Various classic introductions (Pearl 2012, 1998; Elwert 2013; Morgan and Winship 2015; Rohrer 2018). Notably not recommended on pedagogic grounds (Koller and Friedman 2009).

The dagitty intro is an interactive guide via visualizations. Likewise, the ggdag bias structure vignette shows of the useful explanation diagrams available in ggdag and is also a good introduction to selection bias and causal dags themselves.

Amit Sharma’s tutorial at KDD. See also Causal design patterns for data analysts | Emily Riederer


Pearl’s do calculus

In modern machine learning

Cunning modern nonparametric approaches such as Künzel et al. (2019) are covered in the causality notebook.

Continuously indexed fields

More generally that the typical framing where we have a few distinc varaibles joined by arrows of inference, we might be concerned with continuously indexed random fields.

External validity

See external validity.

Potential outcomes approach

A.k.a. Neyman-Rubin school. See potential outcomes.

Inferring a causal graph from data

Uh oh. You don’t know what causes what? Or specifically, you can’t eliminate a whole bunch of potential causal arrows a priori? Much more work.

Here is a seminar I noticed on this theme, which is also a lightspeed introduction to some difficulties.

Guido Consonni, Objective Bayes Model Selection of Gaussian Essential Graphs with Observational and Interventional Data.

Graphical models based on Directed Acyclic Graphs (DAGs) represent a powerful tool for investigating dependencies among variables. It is well known that one cannot distinguish between DAGs encoding the same set of conditional independencies (Markov equivalent DAGs) using only observational data.
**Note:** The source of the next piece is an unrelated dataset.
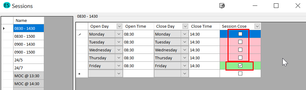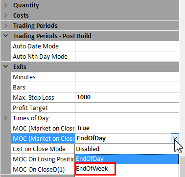 To use EndOfWeek UN-tick MOC exit and tick EndOfWeek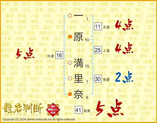 一原満里奈さんの人運は25画の4点!

However, the space of all DAGs can be partitioned into Markov equivalence classes, each being represented by a unique Essential Graph (EG), also called Completed Partially Directed Graph (CPDAG). In some fields, in particular genomics, one can have both observational and interventional data, the latter being produced after an exogenous perturbation of some variables in the system, or from randomized intervention experiments. Interventions destroy the original causal structure, and modify the Markov property of the underlying DAG, leading to a finer partition of DAGs into equivalence classes, each one being represented by an Interventional Essential Graph (I-EG) (Hauser and Buehlmann). In this talk we consider Bayesian model selection of EGs under the assumption that the variables are jointly Gaussian. In particular, we adopt an objective Bayes approach, based on the notion of fractional Bayes factor, and obtain a closed form expression for the marginal likelihood of an EG. Next we construct a Markov chain to explore the EG space under a sparsity constraint, and propose an MCMC algorithm to approximate the posterior distribution over the space of EGs. Our methodology, which we name Objective Bayes Essential graph Search (OBES), allows to evaluate the inferential uncertainty associated to any features of interest, for instance the posterior probability of edge inclusion. An extension of OBES to deal simultaneously with observational and interventional data is also presented: this involves suitable modifications of the likelihood and prior, as well as of the MCMC algorithm.

Causal time series

As with other time series methods, has its own issues.

🏗 find out how Causal impact works. (Based on Brodersen et al. (2015).)

The CausalImpact R package implements an approach to estimating the causal effect of a designed intervention on a time series. For example, how many additional daily clicks were generated by an advertising campaign? Answering a question like this can be difficult when a randomized experiment is not available. The package aims to address this difficulty using a structural Bayesian time-series model to estimate how the response metric might have evolved after the intervention if the intervention had not occurred.

More generally, we might be concerned with continuous time.

Drawing graphical models

See diagramming graphical models.


Many. See, e.g. CausalDiscoveryToolbox, ijmbarr/causalgraphicalmodels: Causal Graphical Models in Python dagR does R. Recent and backed by Microsoft, DoWhy is a python toolbox.

Simpson’s paradox

Simpson’s paradox is an evergreen example of the importance of that causal graph. For a beautiful and clear example see Allen Downey’s Simpson’s Paradox and Age Effects.